Alla rappresentazione delle aziende che piangono miseria, contrapponiamo la realtà dei profitti che hanno macinato un record dopo l’altro. Alle indiscusse e indiscutibili esigenze del mercato, contrapponiamo le imperative ragioni della vita di milioni di lavoratori. A un apparato sindacale che pensa di cavarsi dalle secche con quote contrattuali e con i proventi degli enti bilaterali, contrapponiamo un modello sindacale partecipativo guidato dalla fiducia di poter stimolare la partecipazione e organizzazione dei lavoratori.
Questo referendum ci consegna 69.000 ragioni per resistere e lottare. Per questo invitiamo tutti quelli che si ritrovano in queste ragioni a discutere insieme come farlo e con lo stesso spirito con cui abbiamo promosso l’assemblea del 6 dicembre per organizzare la campagna per il NO, diamo appuntamento a tutte e tutti di nuovo a Firenze il 24 gennaio, a partire dalle h 10 al Dopo Lavoro Ferroviario in via Alamanni (attaccato alla stazione di Santa Maria Novella).
Matteo Moretti, Michele Di Paola, Mauro Sassi, Luciano Morelli, Giuseppe Iapicca, Massimo Barbetti (RSU FIOM GKN)
Giorgio Mauro, Andrea Paderno, Matteo Carioli, Matteo Barbaro, Gianfranco Cannone, Roberto Rivoltella, Gianluca Paris, Alfonso De Martino, Jury Guerini, Alberto Vitali, Marco Fontanella, Franco Ruggeri, Luca Carlessi, Massimiliano Finardi, Massimo Mandelli, Rocco Vizzone, Daniele Gatti (RSU FIOM Same)
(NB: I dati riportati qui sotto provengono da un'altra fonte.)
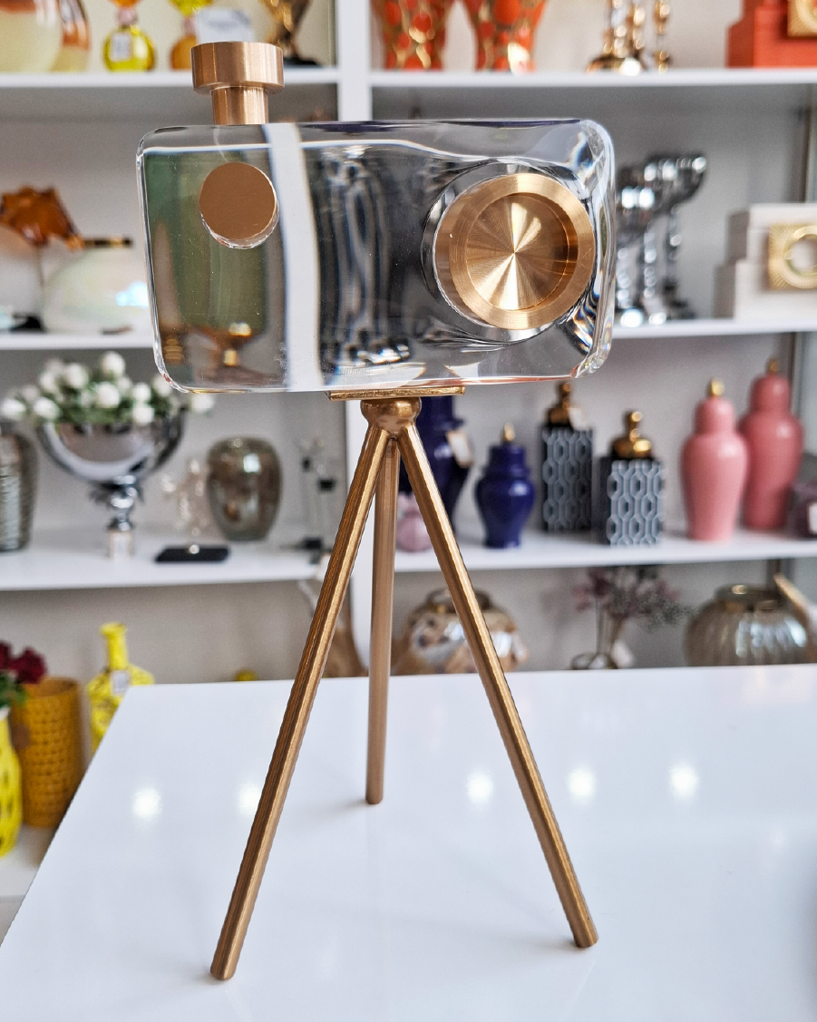 Fotoğrafçılığın nostaljik ruhunu modern zarafetle buluşturan Ayaklı Kristal Cam Fotoğraf Makinesi Dekoratif Obje, estetik duygusu güçlü olanlar için eşsiz bir tamamlayıcı parça sunuyor.

Massimo Cappellini, Antonella Bellagamba, Massimiliano Malventi, Adriana Tecce,Giorgio Guezze, Francesco Giuntoli, Simone Di Sacco (RSU FIOM Piaggio)
Giuseppe Faillace, Giuseppe Imparato, Ciro Palmieri (RSU FIOM Motovario)
Gianplacido Ottaviano, Giuseppe Principato (RSU FIOM Bonfiglioli)
Mario Viscido, Maurizio Mazza, Giuseppe Gomini (RSU FIOM Ducati)
Silvia Cini, Giada Garzella (RSU FIOM Continental)
Serafino Biondo (RSU FIOM Fincantieri Palermo)
Stefano Fontana (FIOM Fincantieri Marghera)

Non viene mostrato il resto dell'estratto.